WHAT IS REQUIRED> An exact copy, beginning at the line containing "Χριστουγεννιάτικες φιγούρες κατασκευασμένες" and ending at the final line of the records that follow, is the answer; it has no pictures and no other text.
++++ SOURCE DATA ++++
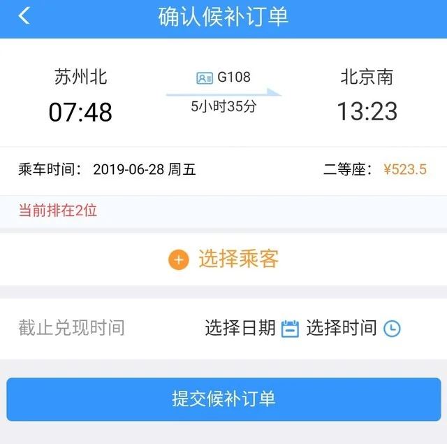 2019年5月22日,铁路12306网站、手机客户端全面上线候补购票服务,大大缓解了“抢票”难题。所谓候补购票,是指旅客在12306上购票时,如遇所需车次、席别无票,可在线排队候补,当对应的车次、席别有退票时,系统自动兑现车票。
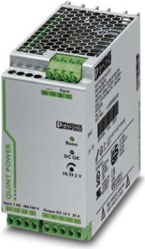 QUINT-PS/ 3AC/24DC/20/CO - Stromversorgung24 V/DC / 20 A480 WEingang 3-phasigEingangsspannungs-Bereich 3x 320 - 575 V/AC / 450 - 800 V/DCAnschlüsse: SchraubklemmenFür höchste AnlagenverfügbarkeitZuverlässiges Starten schwieriger Lasten mit der statischen Leistungsreserve POWER BOOST mit bis zu 1,5fachem Nennstrom dauerhaftSchnelles Auslösen von Standard-Leitungsschutzschaltern mit der dynamischen Leistungsreserve SFB (Selective Fuse Breaking) Technology mit bis zu 6-fachem Nennstrom für 12 msPräventive FunktionsüberwachungTragschienen-Stromversorgung 24 V DC/20 A/CO, tauchlackierte Leiterkarte, primär getaktet, 3-phasig. Mit der SFB Technology (Selective Fuse Breaking Technology) lassen sich erstmalig auch Standard-Leitungsschutzschalter zuverlässig und schnell auslösen.Ausstattung: Weltweit einsetzbar durch Weitbereichseingang und internationales ZulassungspaketHohe Betriebssicherheit durch lange Netzausfallüber brückung unter Volllast und hohe MTBF > 500 000 hParallelschaltbar zur Leistungserhöhung und RedundanzVereinfachte Inbetriebnahme durch LED-Funktionsüberwachung.Technische Daten: Anschluss (Bauelemente): SchraubklemmeAnzahl Ausgänge: 1 xAnzahl Phasen: 3Ausgangsspannung: 24 V/DCAusgangsspannung (max.): 29.5 V/DCAusgangsspannung (min.): 18 V/DCAusgangsspannung (nom.): 24 V/DCAusgangsstrom (max.): 20 AEingangsspannung (max.): 575 V/ACEingangsspannung (min.): 320 V/ACEingangsspannung (nominal): 400 V/AC,450 - 800 V/DCEingangsspannungs-Bereich: 3x 320 - 575 V/AC / 450 - 800 V/DCGewicht: 1.5 kgHerst.-Teilenr.: 2320924Leistung: 480 WNetzgeräte-Typ (Kategorisierung): Hutschienen-Netzteil (DIN-Rail)Netzteiltyp: SchaltnetzteilProduktabmessung, Breite: 69 mmProduktabmessung, Höhe: 130 mmTyp (Hersteller-Typ): QUINT-PS/ 3AC/24DC/20/CO
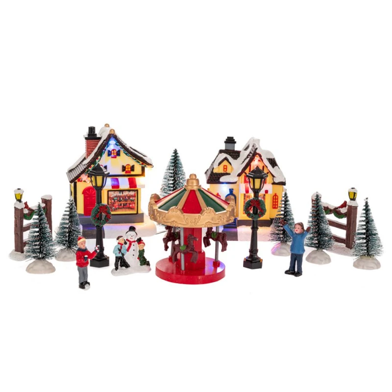 Χριστουγεννιάτικες φιγούρες κατασκευασμένες από πολυρεζίνη που συνθέτουν ένα χριστουγεννιάτικο χωριό. Απαρτίζεται από φιγούρες με σπίτια φωτιζόμενα, παιδάκια, δέντρα καθώς και καρουζέλ. Λειτουργεί με μπαταρίες οι οποίες δεν περιλαμβάνονται.
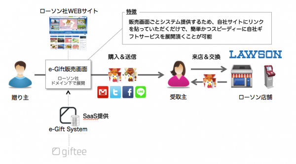 ギフトサービス「giftee」を運営する株式会社ギフティ(本社:東京都品川区、代表取締役: 太田睦)は、2014年6月10日(火)より株式会社ローソン(本社:東京都品川区、代表取締役社長:玉塚元一、以下「ローソン」)に、ローソンの店頭で交換できる商品を顧客がLINEやFacebookを通して、ギフトとして贈りあうことができる、ギフト販売システム「e-Gift System」の提供を開始いたしました。
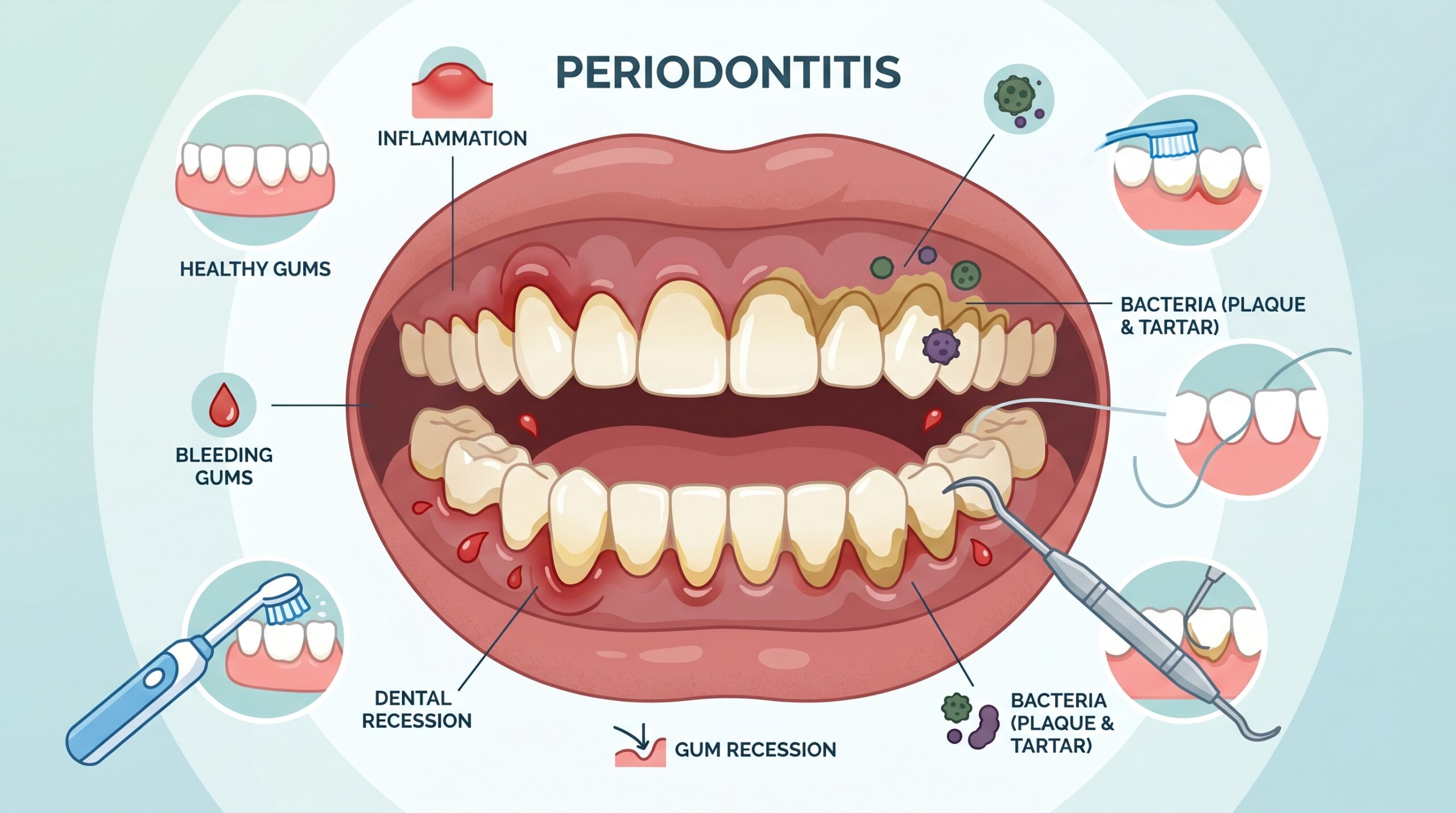 La periodontitis es una enfermedad grave, pero en gran medida prevenible si se actúa a tiempo. Ignorar los primeros síntomas puede llevar a consecuencias importantes, como la pérdida de dientes.
++++
REPLY TO THE EXERCISE>
 Χριστουγεννιάτικες φιγούρες κατασκευασμένες από πολυρεζίνη που συνθέτουν ένα χριστουγεννιάτικο χωριό. Απαρτίζεται από φιγούρες με σπίτια φωτιζόμενα, παιδάκια, δέντρα καθώς και καρουζέλ. Λειτουργεί με μπαταρίες οι οποίες δεν περιλαμβάνονται.
 ギフトサービス「giftee」を運営する株式会社ギフティ(本社:東京都品川区、代表取締役: 太田睦)は、2014年6月10日(火)より株式会社ローソン(本社:東京都品川区、代表取締役社長:玉塚元一、以下「ローソン」)に、ローソンの店頭で交換できる商品を顧客がLINEやFacebookを通して、ギフトとして贈りあうことができる、ギフト販売システム「e-Gift System」の提供を開始いたしました。
 La periodontitis es una enfermedad grave, pero en gran medida prevenible si se actúa a tiempo. Ignorar los primeros síntomas puede llevar a consecuencias importantes, como la pérdida de dientes.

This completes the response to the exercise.